24. Page Replacement: Working-set

  • If we knew \(w(k,t)\) for a program:
    • Preload pages before they are accesssed: minimise page-faults.
  • As with all great ideas this is fantastic in theory, impossible in reality.
    • But leads to good approximations...
  • Drop using last \(k\) memory accesses: counting is expensive.
  • Instead use a window of time: similar to NFU / Aging.
  • Difference to NFU / Aging:
    • Don't count - store the last reference time.
  • Simulating LRU with the coarseness of the timer tick.
    • Evict pages older than parameter \(\tau\) (picked by tuning).
    • Expensive to implement: needs a tweak...

25. Page Replacement: WSClock

  • The clock algorithm was an efficient way to find the oldest page.
    • Age referred to the time since loading into the page table.
  • The Working Set approach provided more information about which page to evict.
    • But it required a slow scan.
  • The final algorithm that we look at is a combination of the two:
    • Store coarse access information in a timer tick.
    • Use a double-linked list for a cheaper search.

26. Page Replacement: WSClock

  • Pages are added into the list in the order they are loaded.
  • Time of last use field is updated on a timer tick.
    • Same as the basic Working Set approach.
  • Leads to the state in a).
  • A page fault occurs: first page has R set.
    • Part b) shows the hand advances and R is reset on the page.
    • Note: b) and c) appear to be identical, publisher screwed up?
  • Part b) also shows a case where R=0.
    • Decide if the access time is older than \(\tau\).
    • Estimates if it is in the current working-set.

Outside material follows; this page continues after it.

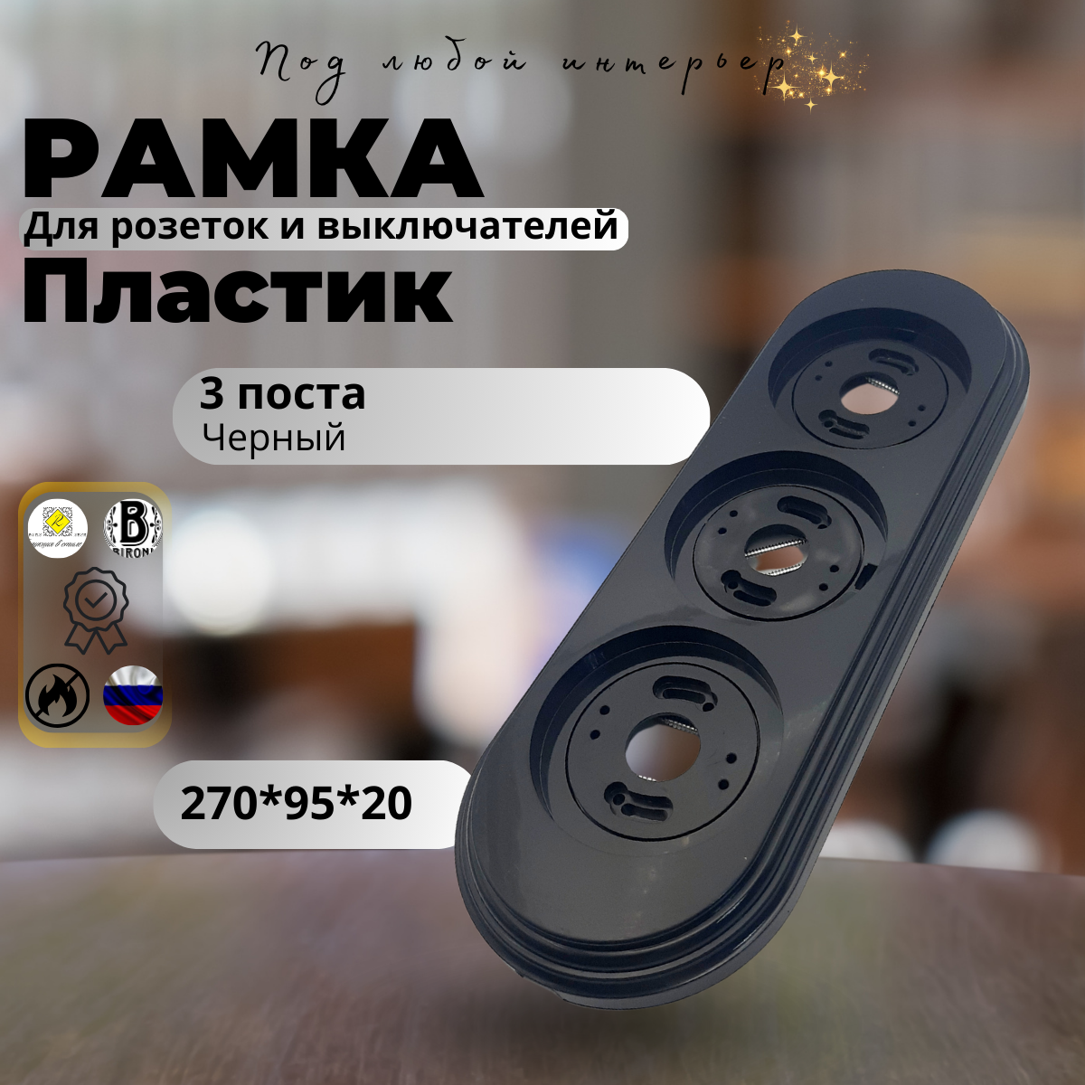 Рамка ретро BIRONI лизетта 3-местная, накладной монтаж , пластик, цвет: черный BF1-630-23 информация:

27. Page Replacement: WSClock

  • Looking at c) and d), access time is older than \(\tau\).
    • Not dirty, evict and load new.
  • If WSClock finds a dirty page it schedules it to be written to the disk.
    • It is not the working set so we want to evict later.
  • Limit the number of old clean pages to evict in one pass.
    • Spreads out the disk traffic.
  • What if we do a full loop and don't find a page to evict?
    • If a write was scheduled during first loop: wait for it to finish.
    • No writes - everything was in the working set: evict any page.

28. Summary

  • Revision Guide:
    • I don't know what is going into the exam, but I would expect:
    • How does algorithm X implement property / feature Y?
    • Explain how algorithm X and Y differ in property / feature Z?